Background: There is some evidence in the literature to suggest that pre-operative counselling improves pain scores postoperatively. However, it is unclear whether pre-operative counselling of the donor improves immediate and short-term outcomes after living liver donation.
Objectives: This systematic review aimed to investigate the available quality of evidence (QOE) of pre-operative counselling for living donors on short term outcomes, provide expert opinion, grade recommendations and identify relevant components for Enhanced Recovery after Surgery (ERAS) protocols.
Data sources: Ovid MEDLINE, Embase, Scopus, Google Scholar, and Cochrane Central.
Methods: Systematic review following PRISMA guidelines and recommendations using the GRADE approach derived from an international expert panel. Endpoints were defined by the WHOQOL-BREF scale: physical health, psychological, social relationships, and environment.

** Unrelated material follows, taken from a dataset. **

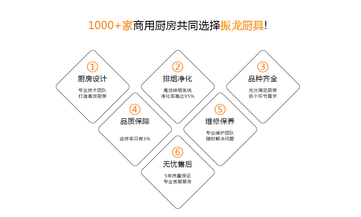 1.振龍廚具擁有大型的現代化工廠,精良的生產設備,所有廚具均達到國家環保。節能認證、廚具品質五星;

Prospero id: CRD42021260677.
Results: Screening of 452 records and full texts led to 12 articles matching inclusion criteria, of which one was a randomized controlled trial (RCT), and 11 were observational retrospective cohort studies. A total of 933 individuals undergoing donor hepatectomy were included, of whom only 90 received dedicated perioperative ERAS protocols. Donors that received pre-operative counselling had fewer physical symptoms post donation, lower rates of fatigue, lower rates of pain, shorter recovery times and fewer unexpected medical problems, and less anxiety post donation. Female donors had higher affective and adverse effects scores, and 50% of donors reported adverse effects to analgesia that interfered with functional activity. Receiving information about analgesic options increased perception of care among donors.
Conclusions: Providing comprehensive pre-operative counselling to living liver donors is associated with improved short-term outcomes after donation (QOE; moderate to low I Grade of Recommendation; Strong).
Keywords: ERAS; analgesic requirement; assessment; compliance; complications; cos; counselling; enhanced recovery after surgery; evaluation; fast-track; intervention; living donor liver transplantation; morbidity; mortality length of stay; pain; psychological; readmission; stress; therapy.